Consider the reaction \(2 \mathrm{NO}_{2}(g) \longrightarrow \mathrm{N}_{2} \mathrm{O}_{4}(g)\). (a) Using data from Appendix \(\mathrm{C},\) calculate \(\Delta G^{\circ}\) at \(298 \mathrm{~K}\). (b) Calculate \(\Delta G\) at \(298 \mathrm{~K}\) if the partial pressures of \(\mathrm{NO}_{2}\) and \(\mathrm{N}_{2} \mathrm{O}_{4}\) are 0.40 atm and 1.60 atm, respectively.
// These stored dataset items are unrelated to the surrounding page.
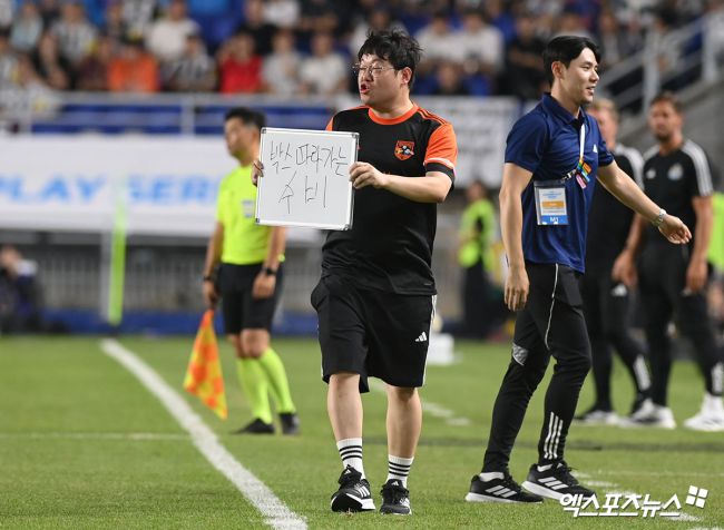 30일 오후 수원월드컵경기장에서 '2025 쿠팡플레이 시리즈' 팀 K리그와 뉴캐슬 유나이티드 FC의 경기, 유튜버 감스트가 작전지시를 하고 있다. 고아라 기자 iknow@xportsnews.com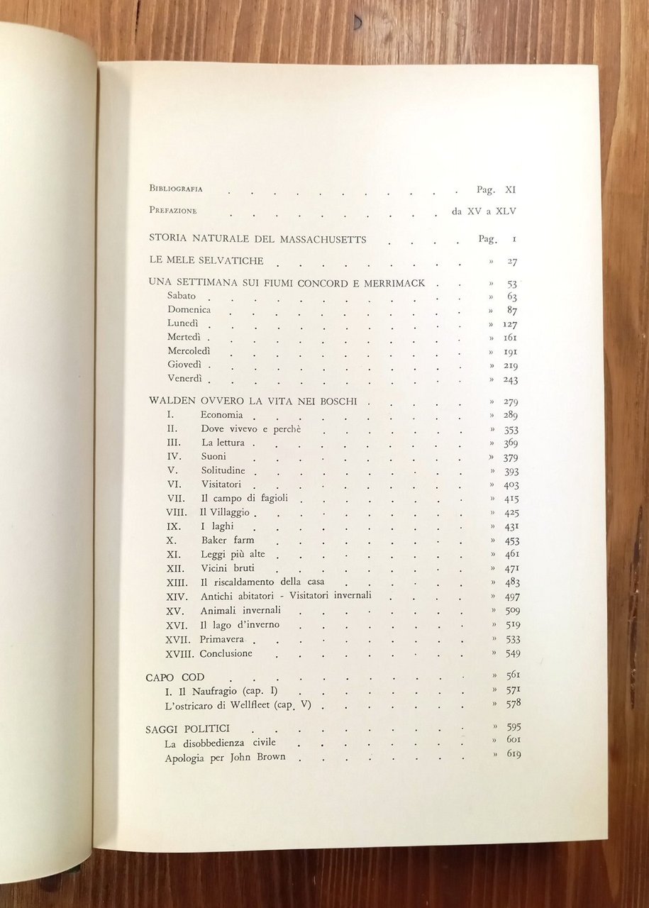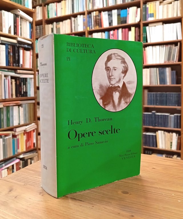 Collana "Biblioteca di cultura", 21 - Volume rilegato in tela editoriale verde con sovraccoperta figurata, xlv-642 pagine con alcune tavole in nero intercalate. Testi a cura di Piero Sanavio. Contiene: Storia naturale del Massachusetts; Le mele selvatiche; Una settimana sui fiumi Concord e Merrimack; Walden ovvero la vita nei boschi; Capo Cod; Saggi politici. Indice dettagliato consultabile nelle nostre immagini. Lievi segni d'uso e del tempo, nel complesso ottimo esemplare dalla paginazione fresca e compatta; edizione non comune.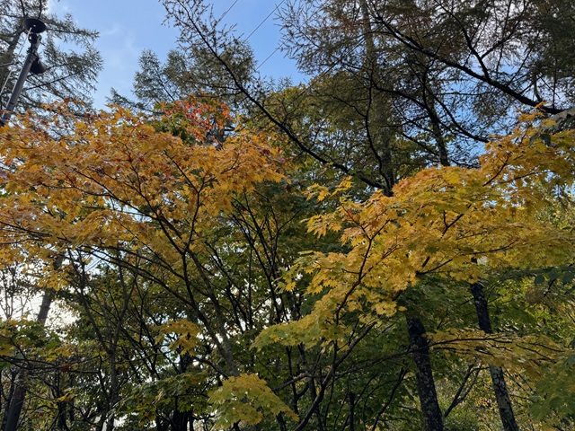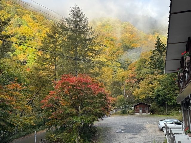 秋はより深まり、稜線に見えていた美しい紅葉は段々と麓に向けて染めていき、今現在有明荘からの景色は素晴らしいものとなっています。
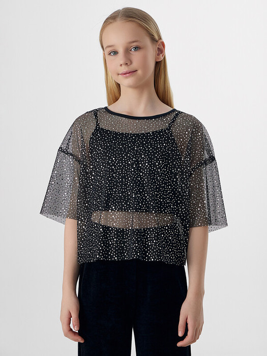 Верхняя блузка свободного силуэта. Перед и спинка цельнокроеные. Горловиа кругло формы, обработана бейкой из трикотажного кулирного полотна. Рукав втачной короткий, слека спущен. Нижняя блузка из трикотажного кулирного полотна на брителях. Верхняя и нижняя часть изделия соединины лентой атласной SFLA-1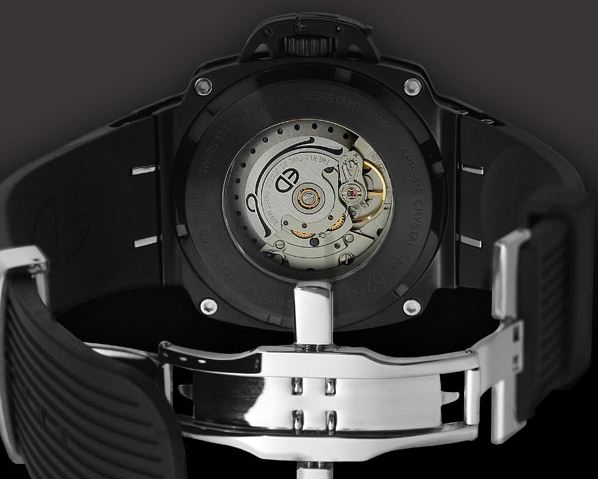 To brave the elements, the watch is equipped with a crown guard (the Lock-Ed concept) and finished with an extra-hard PVD coating. PVD stands for Physical Vapour Deposition, a surface-treatment process that is highly resistant to wear.

(a) To calculate the standard Gibbs free energy change (ΔG⁰), first find the standard enthalpy change (ΔH⁰) and standard entropy change (ΔS⁰) using the data in Appendix C: ΔH⁰(reaction) = Σ ΔH⁰(products) - Σ ΔH⁰(reactants) and ΔS⁰(reaction) = Σ ΔS⁰(products) - Σ ΔS⁰(reactants). Then, use the equation ΔG⁰ = ΔH⁰ - TΔS⁰ to find the standard Gibbs free energy change. (b) To calculate ΔG at 298 K given the partial pressures, first find the reaction quotient (Q) using the formula Q = (P(N₂O₄))/(P(NO₂)²) with the given partial pressures of NO₂ and N₂O₄ as 0.40 atm and 1.60 atm, respectively. Next, use the equation ΔG = ΔG⁰ + RT ln(Q) to find ΔG, where R is the gas constant (8.314 J/mol K) and T is the temperature (298 K).